19th Lieutenant Governor of Vermont
- In office October 1853 – October 13, 1854
- Governor: John S. Robinson
- Preceded by: William C. Kittredge
- Succeeded by: Ryland Fletcher

Member of the Minnesota House of Representatives
- In office January 6, 1861 – January 2, 1865

Member of the Vermont Senate
- In office 1847–1849

Personal details
- Born: June 4, 1815 Braintree, Vermont, U.S.
- Died: October 2, 1883 (aged 68) St. Paul, Minnesota, U.S.
- Party: Democratic (before 1857) Republican (from 1857)

= Jefferson P. Kidder =

American lawyer and jurist (1815–1883)

Jefferson Parish Kidder (June 4, 1815 – October 2, 1883) was an American lawyer and jurist. He served as the non-voting delegate from the Dakota Territory to the United States House of Representatives. Kidder was the only Democratic lieutenant governor of Vermont until John J. Daley in 1965.

==Early life==
Kidder was born in Braintree, Vermont on June 4, 1815. He attended the Orange County Grammar School in Randolph, and graduated from Alden Partridge's American Literary, Scientific and Military Academy (Norwich University) in 1834. He studied law in Montpelier, was admitted to the bar in 1839 and practiced in Braintree and West Randolph. Among the prospective attorneys who studied law under Kidder's supervision were John W. Rowell, who went on to serve as chief justice of the Vermont Supreme Court and Carl C. Pope, a legislator and judge in Wisconsin.

==Career==
He was a member of the Vermont Constitutional Convention in 1843. He served as State's Attorney for Orange County (1842-1847), a member of the Vermont State Senate (1847-1849), the Lieutenant Governor of Vermont (1852-1853), and a delegate to the 1856 Democratic National Convention.

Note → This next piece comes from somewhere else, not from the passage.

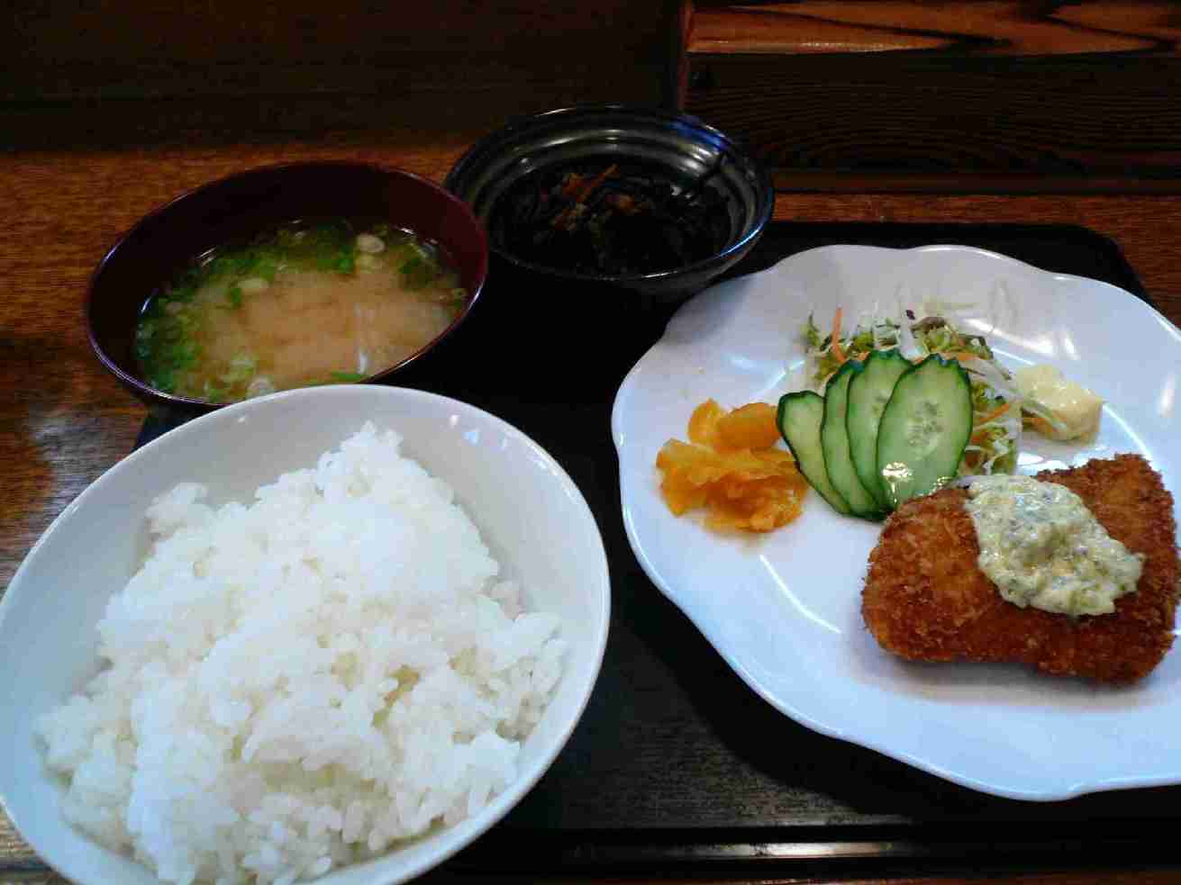 広島市安佐南区祇園3丁目27-11-101 082-871-5448 ひょっこり昼飯をさがすと見つけたひょっこりあった よくわかりにくいお店。 入ると地元の人たちが定食を食べられておられました。 色んな定食があって悩みましたが・・・。 魚フライ定食。600円。 出てきたのはちょっと小さ目の魚フライと、ちょっと少な目のサラダ、普通量のひじき・味噌汁・ご飯。 魚フライがこれだけかぁ・・・、って思ってかじったら、出来立て熱々。凄い脂っこい感じな魚フライだけど熱々だと割と食べれますなぁ。 味噌汁やひじきなんかはかなりお惣菜感覚で、旨い!ってより確実にほっとする味。 このお店はうどんもたくさんあり、次はうどんでゆっくり 食べようかな? ご馳走様でした。

In 1848 he received the honorary degree of Master of Arts from the University of Vermont.

In 1857 Kidder moved to St. Paul, Minnesota, where he joined the Republican Party.

In 1859, Kidder moved to Dakota Territory and became a delegate to Congress from the provisional government at Sioux Falls.

In 1862 and 1863, he was elected to the Minnesota House of Representatives. In 1865 he moved to Vermillion, Dakota Territory, when Abraham Lincoln appointed him an associate justice of the territorial Supreme Court.

In 1874, he was elected as the territory's delegate to Congress. He served from March 4, 1875 to March 3, 1879 and was an unsuccessful candidate for renomination in 1878.

1879, Kidder was reappointed to the Supreme Court of Dakota Territory. He served until his death in 1883.

==Death and burial==
Kidder died in St. Paul on October 2, 1883. He was buried in St. Paul's Oakland Cemetery.

==Family==
His son Lyman S. Kidder was a U.S. Cavalry 2nd lieutenant serving in the 2nd Cavalry under George Armstrong Custer, and was killed in action in what would be dubbed the Kidder massacre.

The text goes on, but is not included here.